There is a unique line segment $P Q$ ( $P$ lying on line $(i)$ and $Q$ on the other line $(i i) ),$ which is at right angles to both the lines $P Q$ is the shortest distance between the lines.
Hence, the shortest possible distance between the lines $=P Q$.
Let the position vector of the point $P$ lying on the line $r=(-\hat{\imath}-\hat{\jmath}-\hat{k})+\lambda(7 \hat{\imath}-6 \hat{\jmath}+\hat{k})$ where  $\lambda$  is a scalar, is $(7 \lambda-1) \hat{\imath}-(6 \lambda+1) \hat{\jmath}+(\lambda-1) \hat{k}, $ for some $\lambda$ and the position vector of the point $Q$ lying on the line $r=(3 \hat{\imath}+5 \hat{\jmath}+7 \hat{k})+\mu(\hat{\imath}-2 \hat{\jmath}+\hat{k})$ where  $\mu^{\prime}$  is a scalar, is $(\mu+3) \hat{\imath}+(-2 \mu+5) \hat{\jmath}+(\mu+7) \hat{k},$ for some $\mu$. Now, the vector
$\overline{P Q}=\overline{O Q}-\overline{O P}=(\mu+3-7 \lambda+1) \hat{\imath}+(-2 \mu+5+6 \lambda+1) \hat{\jmath}+(\mu+7-\lambda+1) \hat{k}$
i.e., $\overline{P Q}=(\mu-7 \lambda+4) \hat{\imath}+(-2 \mu+6 \lambda+6) \hat{\jmath}+(\mu-\lambda+8) \hat{k} ; ($where  $'O\ '$  is the origin$),$ is perpendicular to both the lines,
so the vector $\overline{P Q}$ is perpendicular to both the vectors $7 \hat{\imath}-6 \hat{\jmath}+\hat{k}$ and $\hat{\imath}-2 \hat{\jmath}+\hat{k}$.

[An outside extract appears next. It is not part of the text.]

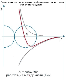 Силы взаимодействия между молекулами. На очень малых расстояниях между молекулами действуют силы отталкивания. Благодаря этому молекулы не проникают друг в друга и куски вещества никогда не сжимаются до размеров одной молекулы. Молекула - это сложная система, состоящая из отдельных заряженных частиц: электронов и атомных ядер. Хотя в целом молекулы электрически нейтральны, но между ними на малых расстояниях действуют значительные электрические силы: происходит взаимодействие электронов и атомных ядер соседних молекул. Если молекулы находятся на расстояниях, превышающих их размеры в несколько раз, то силы взаимодействия практически не сказываются. Силы между электрически нейтральными молекулами являются короткодействующими. На расстояниях, превышающих 2 - 3 диаметра молекул, действуют силы притяжения. По мере уменьшения расстояния между молекулами сила притяжения сначала увеличивается, а затем начинает убывать и убывает до нуля, когда расстояние между двумя молекулами становится равным сумме радиусов молекул. При дальнейшем уменьшении расстояния электронные оболочки атомов начинают перекрываться, и между молекулами возникают быстро нарастающие силы отталкивания.

$\Rightarrow(\mu-7 \lambda+4) \cdot 7+(-2 \mu+6 \lambda+6) \cdot(-6)+(\mu-\lambda+8) \cdot 1=0$
$\ (\mu-7 \lambda+4) \cdot 1+(-2 \mu+6 \lambda+6) \cdot(-2)+(\mu-\lambda+8) \cdot 1=0$
$\Rightarrow 2 0 \mu- 8 6 \lambda= 0 $
$ \Rightarrow1 0 \mu- 4 3 \lambda= 0 \ 6 \mu-20 \lambda=0 $
$\Rightarrow 3 \mu-10 \lambda=0$
On solving the above equations, we get $\mu=\lambda=0$
So, the position vector of the points $P$ and $Q$ are $-\hat{\imath}-\hat{\jmath}-\hat{k}$ and $3 \hat{\imath}+5 \hat{\jmath}+7 \hat{k}$ respectively.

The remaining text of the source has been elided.